Global milk prices have almost returned to their long-term average, signalling the end of the current world milk price cycle.
Worldwide prices have increased by 63% since the lows of May 2016 and the International Farm Comparison Network (IFCN) world milk price indicator predicts the global milk price average for May was US$35.8/100kg (29.3p/litre) at 4% fat and 3.3% protein.
Widespread low farmgate prices have driven production to its lowest level since 1998, according to IFCN.
“We are now entering a zig-zag phase where markets will stabilise and we will not see such dramatic price changes,” said Kite Consulting managing partner John Allen.
“If prices start to boom at about 35p/litre then we would likely see a bust within the next year,” he added.
Mr Allen said the real takeaway message from the most recent crisis is the amount of debt the global dairy industry now carries.
The average debt for UK dairy farmers equates to £2,500 a cow, equal to 36p/litre.
But the situation is bleaker in New Zealand, with debts averaging £4,300 a cow or 86p/litre and worse yet in Denmark and the Netherlands, averaging £6,000-£7,000 a cow.
“As interest rates currently stand this level of debt is sustainable, but there are only so many businesses that will be able to expand for the long term,” said Mr Allen.

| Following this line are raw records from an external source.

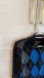 Classic Argyle Mens Long sleeved Sweater with zipper at neck. Fabric is 100% Cotton and soft to the touch. Argyle pattern is in is black/blue/grey abs white. Size Small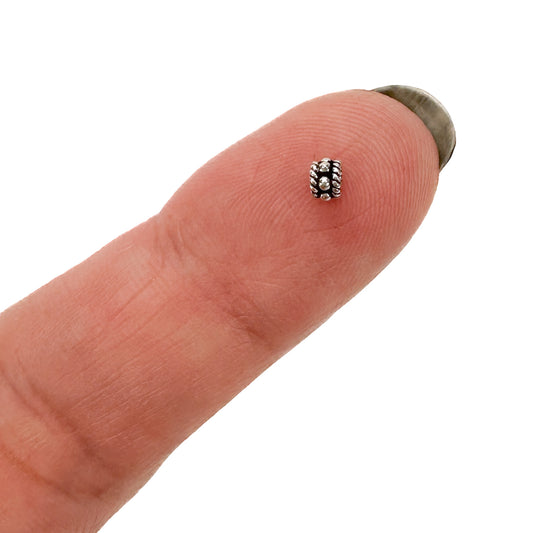 3mm Tiny Dotted Barrel Bead - Bali Silver (6 pcs/M837)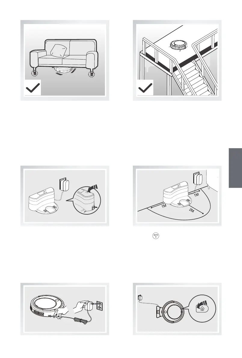 Put the charging base flatly next to the wall, and remove any obstacle on its right or left sides within 1

He added, “Confidence in this sort of investment will shrink and be limited to just a few producers.”
Global milk production
China, Brazil, Argentina and Oceania have largely been responsible for lower milk volumes, while India, the US and the Netherland all ramped up production in 2016.
UK milk deliveries for the 2016-17 milk year ending in March were 5.5% down on the same period 12 months before, at a total of 14.01bn litres.

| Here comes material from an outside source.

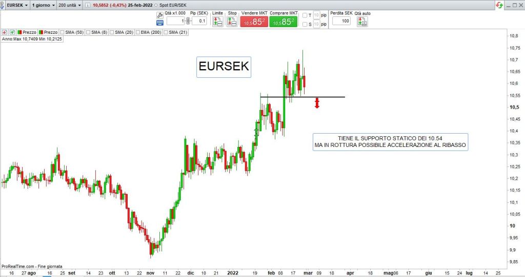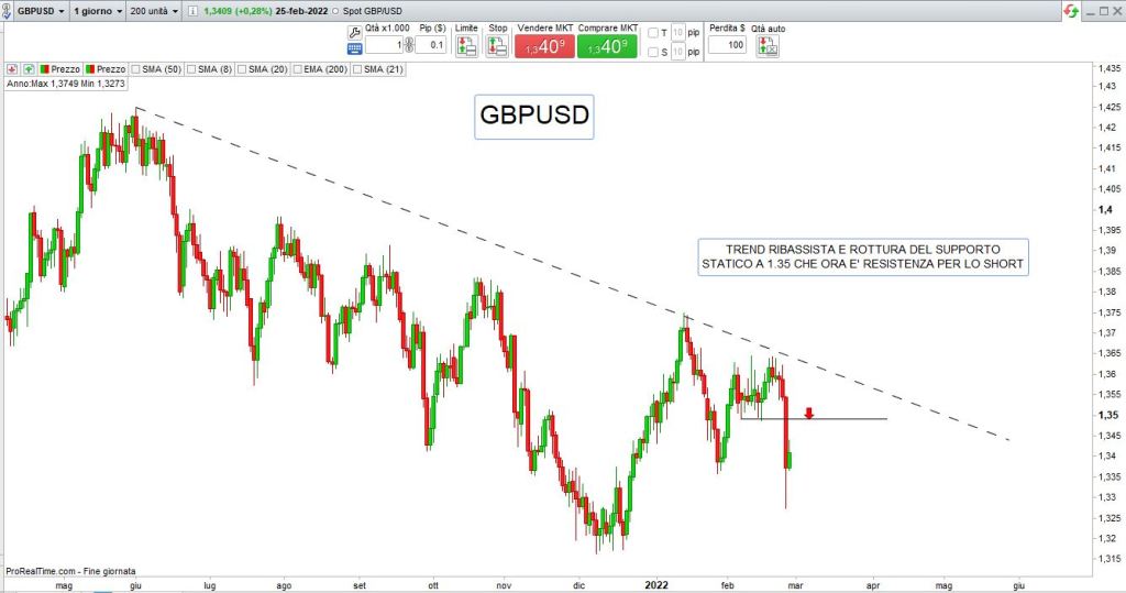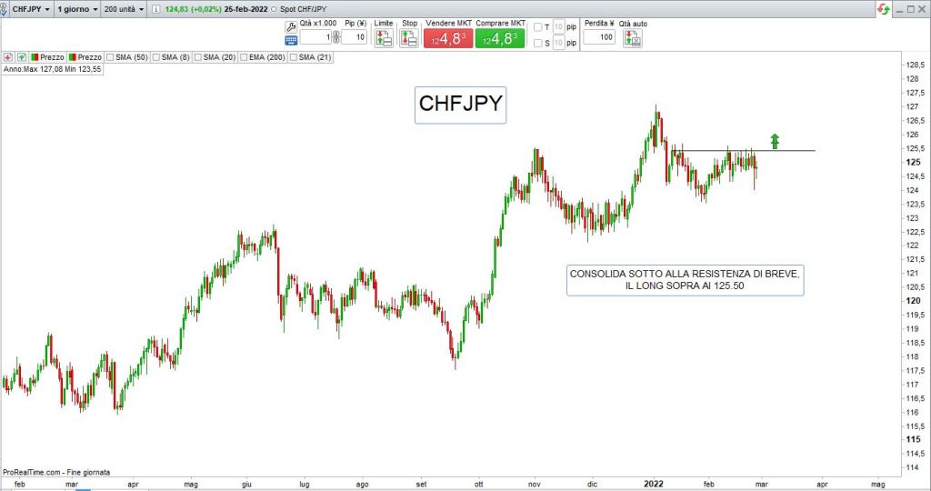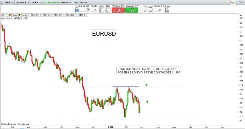 La situazione caotica in Ucraina dove Putin non sembra volersi fermare, aiutato da sanzioni che sappiamo essere storicamente inutili, offre il fianco a nuova possibile mancanza di trend chiaro su molti grafici, occorre quindi adottare un money management severo e andare alla ricerca di livelli supportivi e di resistenza chiari e puliti sui quali contare.

However, production began to pick back up by the end of the milk year in reaction to higher prices at the end of 2016 and was expected to achieve parity with the same month a year ago when April figures are released, according to AHDB Dairy.
China driving demand
Demand growth was still well below its average level, but China, Brazil, the Philippines and Mexico were all growing importers of milk, said IFCN.
The farm data analyst predicts global milk prices are unlikely to see drastic improvements in the short term – but should stabilise.
This stabilising will be helped by the balancing of international oil and feed prices, however the global trend of bigger dairy units and fewer producers seen since 2014 will continue.